La respuesta corta
La IA no se lleva "profesiones"; se lleva tareas. Lo que determina la rapidez con que un empleo se erosiona no es su título sino tres propiedades: si su resultado es codificable, si puede entregarse en remoto y si se paga por volumen. Cuando se cumplen las tres, el empleo está justo donde el modelo compite de forma directa.
Este texto mira tres frentes distintos —un sector borrado, un banco que cambió sus condiciones de contratación y una administración educativa que saca la IA del aula— y extrae lo que tienen en común.
Frente uno: un sector borrado en Nairobi
En Kenia, ChatGPT eliminó todo un modelo de negocio: escribir trabajos académicos para estudiantes extranjeros. Miles de kenianos redactaban ensayos y trabajos de curso para universitarios de Estados Unidos y Reino Unido en campos como medicina, informática e ingeniería, a veces usando las credenciales universitarias de sus clientes.
Según los investigadores, en su punto álgido a comienzos de esta década al menos 40.000 personas trabajaban en el sector solo en Nairobi. Teresios Bundi, de 34 años, escribió más de 2.500 textos en doce años y llegó a cobrar entre 40 y 70 dólares por encargo. Tras el lanzamiento de ChatGPT en 2022, los precios y los pedidos se desplomaron.
El desplome no se limitó a un oficio: también se secó otro trabajo en línea del país, como la transcripción, el etiquetado de datos y la moderación de contenidos. El Gobierno keniano había promovido deliberadamente el trabajo digital desde 2016, y cerca del 80 por ciento del empleo en el país es informal.

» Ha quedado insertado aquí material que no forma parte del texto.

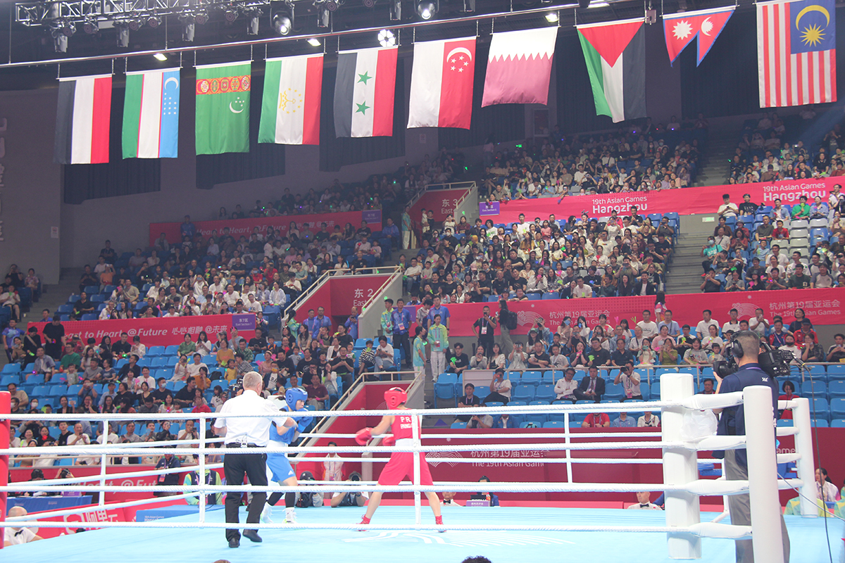 Boks sportuň bir görnüşi hökmünde 1954-nji ýylda Aziýa oýunlarynyň maksatnamasyna girizildi. Hançžouda geçirilýän Aziýa oýunlarynyň maksatnamasyndaky häzirki ýaryşda boksçular 13 baýrak ugrunda bäsleşer.
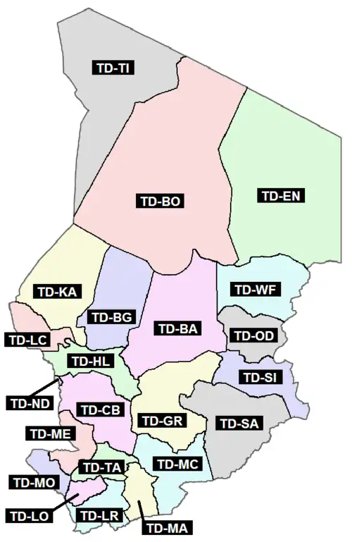 ISO 3166-2:TD — стандарт Международной организации по стандартизации, который определяет геокоды. Является подмножеством стандарта ISO 3166-2, относящимся к Чаду. Стандарт охватывает 22 региона. Каждый код состоит из двух частей: кода Alpha2 по стандарту ISO 3166-1 для Чада — TD и двухбуквенного кода, записанных через дефис. Дополнительный двухбуквенный код образован созвучно названию, аббревиатурой названия региона. Геокоды регионов Чада являются подмножеством кодов домена верхнего уровня — TD, присвоенного Чаду в соответствии со стандартами ISO 3166-1.
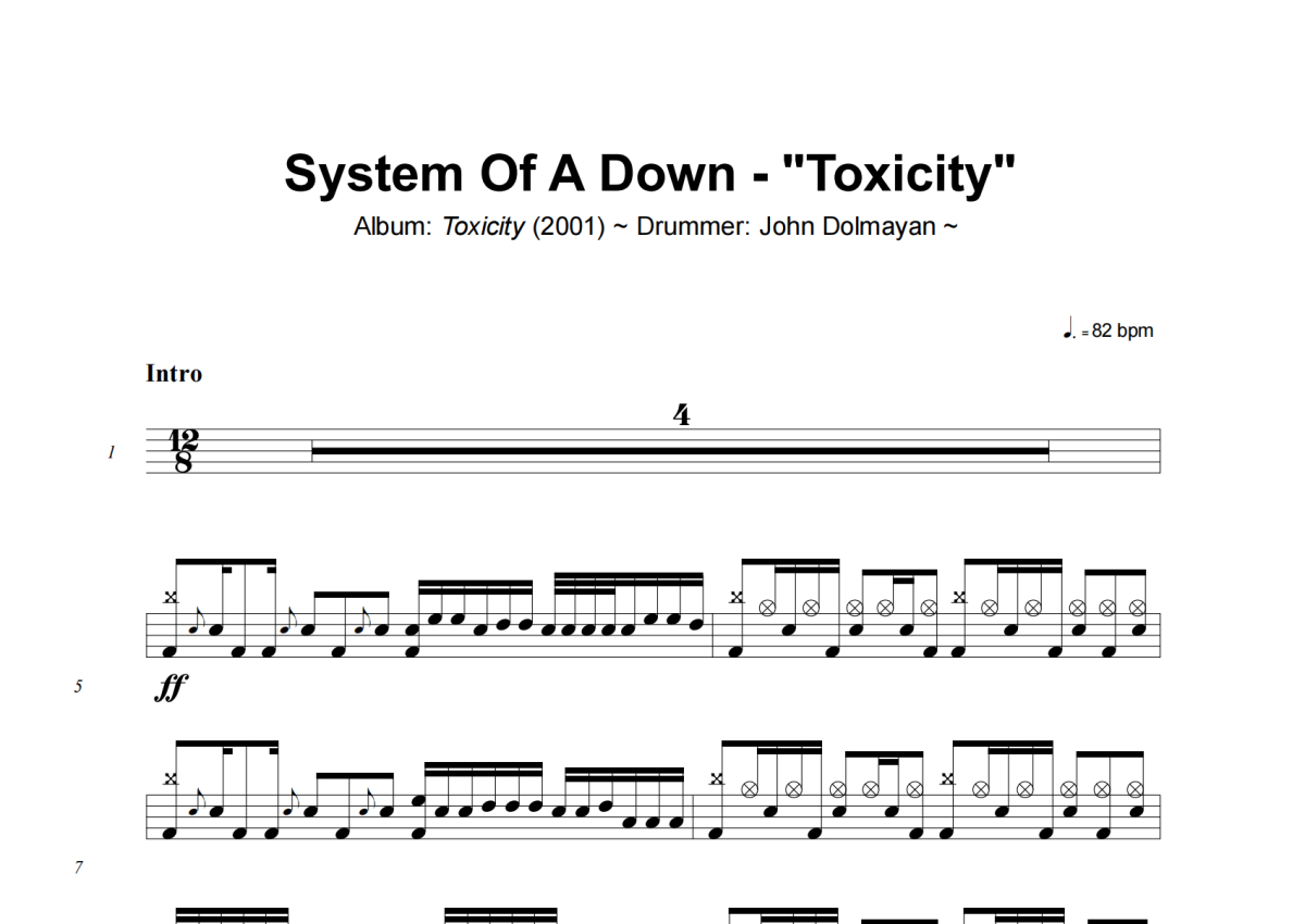 《Toxicity》是System Of A Down演唱的一首歌曲,这份架子鼓谱共有四张高清图谱,图谱由 @小虎鼓谱 编配上传,图谱使用五线谱编配,使用这份Toxicity架子鼓谱,你将能够轻松地敲打出这首System Of A Down的Toxicity,快来尝试吧。
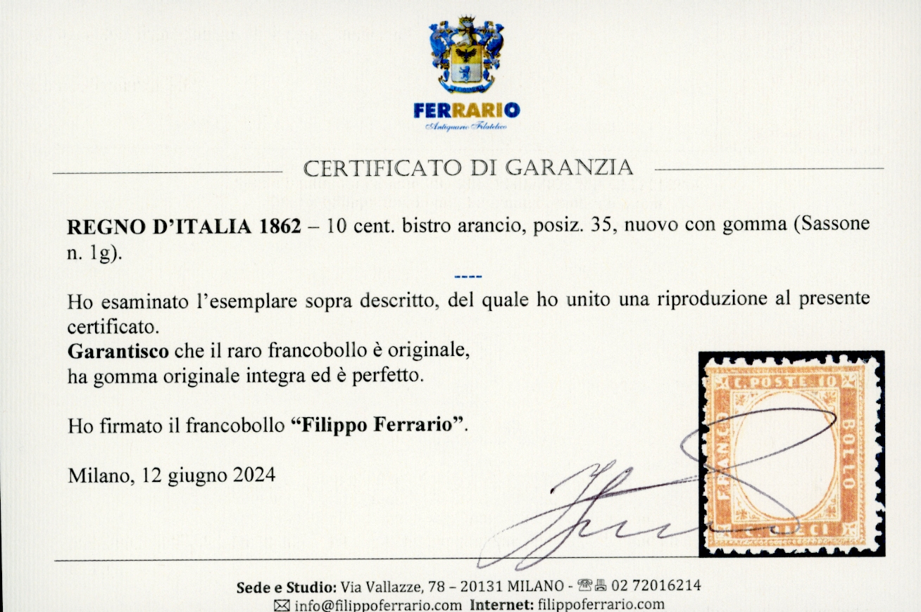 1862 - 10 cent. bistro arancio, pos. 35 (1g), gomma originale integra, perfetto e molto fresco. Cert. A.Diena, Sorani, Ferrario.
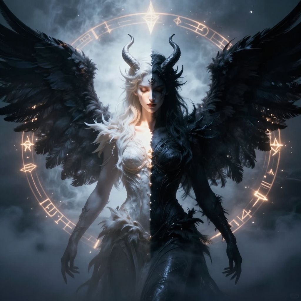 Half angel half demon with split face reflecting light and darkness, majestic wings blending feathers and smoke, surrounded by glowing runes and eerie mist, cinematic fantasy style
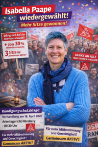 Wir unterstützten die Petition und berichteten: „Engagierte Betriebsrätin von Siemens Energy in Erlangen frist- und grundlos entlassen – Protest auch gegen Behinderung der BR-Kandidatur.“ Der Protest hat sich gelohnt. Die Rechnung von Siemens Energy, aktive Gewerkschafter:innen einzuschüchtern und zu schwächen ist schief gegangen. Die Liste von Isa Paape hat um ein Drittel zugelegt. Jetzt geht … Weiterlesen
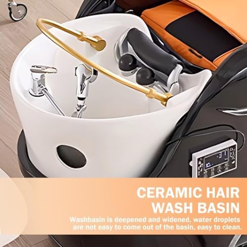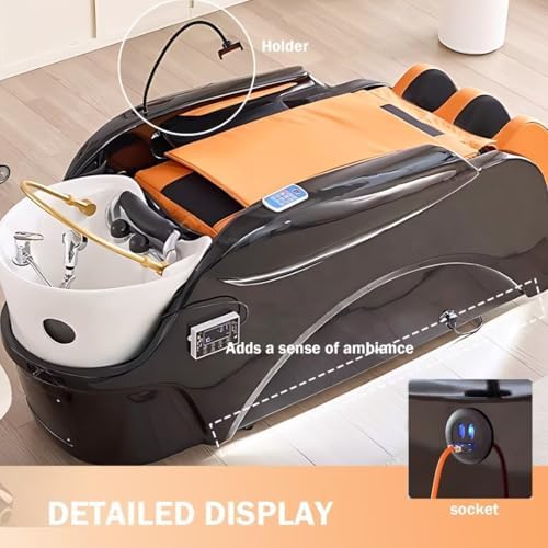 Salon Shampoo Bed-Electric Massage Table with Black Orange Luxury Design, Head Spa Equipment&Beauty Bed Includes Back Heating Massage, Water Cycle, Cell Phone Holder(76.77IN)
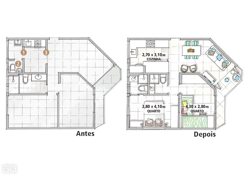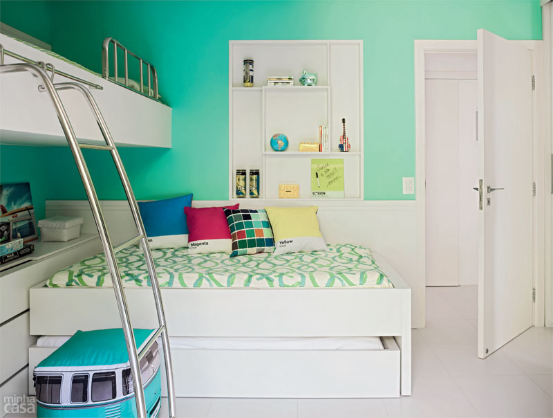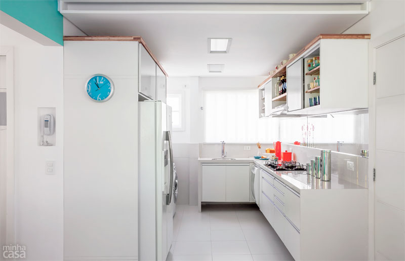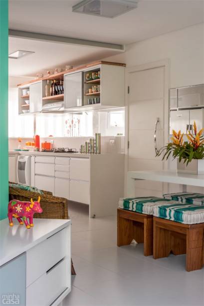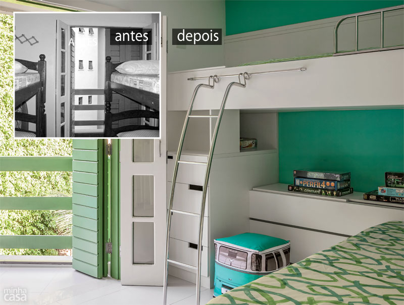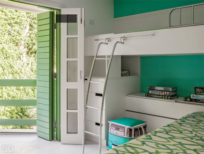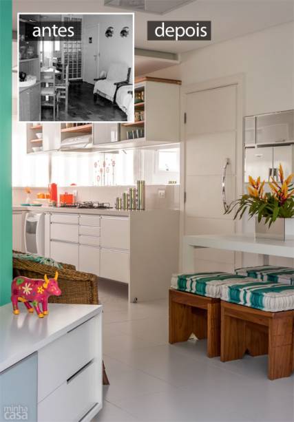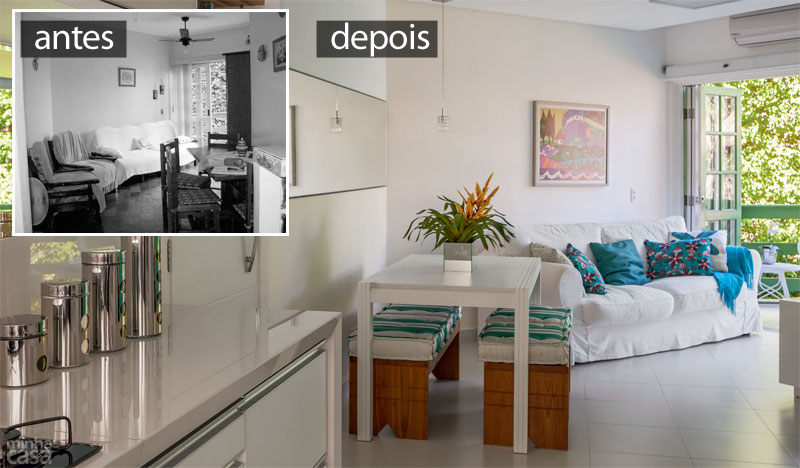 Família moderna é assim: Tânia mora em Minas Gerais com os filhos dela, Lucas e Giulia (abaixo da mãe, nas fotos), e Marcos, o marido, vive em São Paulo com as filhas dele, Juliana e Bruna. O apartamento na praia é onde a turma gosta de se reunir. No dia a dia, 260 km separam a família. Não por acaso, todos esperam ansiosos pelos feriados e férias. O destino é a praia de Tabatinga, em Caraguatatuba, no litoral norte de São Paulo. Adquirido em 2009, o apartamento da década de 1990, dentro de um condomínio, era escuro e sem graça. “Compramos, usamos durante duas semanas no verão e decidimos encarar a reforma”, conta Tânia Caldas. Finda a alta temporada, quando obras são proibidas no prédio, a arquiteta Gina de Paulo, do Idea Estúdio, recebeu as chaves e carta branca para agir. “Tudo veio abaixo, até uma das esquadrias externas, substituída por outra semelhante”, diz, relatando os quase cinco meses de trabalhos. Com mais um banheiro e cozinha integrada à sala, o imóvel de 60 m² tornou-se funcional e preparado para receber parentes e amigos – e agora reflete a alegria dos encontros.

Lo que queda es la parte más irónica de la historia: los "humanizadores", personas que reescriben el texto de la IA para que supere los controles de plagio. El sector no desapareció: bajó un escalón y se convirtió en limpiar la salida del modelo.
¿Qué empleos se van primero?
Desglosemos esos tres criterios, porque determinan el riesgo de un empleo más que su título:
| Criterio | Qué significa | Su equivalente en Nairobi |
|---|---|---|
| Resultado codificable | El resultado se entrega en un único archivo: texto, hoja de cálculo, código | Lo entregado era un archivo con un trabajo |
| Entrega remota | No hay vínculo físico entre donde se hace el trabajo y donde llega | Escrito en Nairobi, leído en Londres |
| Precio por volumen | Se paga por unidades producidas, no por horas ni por responsabilidad | De 40 a 70 dólares por texto |
Si se cumplen los tres, el empleo está donde el modelo compite directamente. Si se cumplen dos, la presión cae sobre el precio pero el trabajo continúa. Si se cumple uno, el efecto suele verse como aceleración y no como sustitución.
Hay otra distinción que vigilar: la responsabilidad. El trabajo cuyo resultado se firma, se audita o cuyos errores se le cargan a alguien —asesoría fiscal, medicina, visado de ingeniería— se erosiona más despacio aunque cumpla los tres criterios. Lo que allí se compra no es el texto sino la persona que responde por él.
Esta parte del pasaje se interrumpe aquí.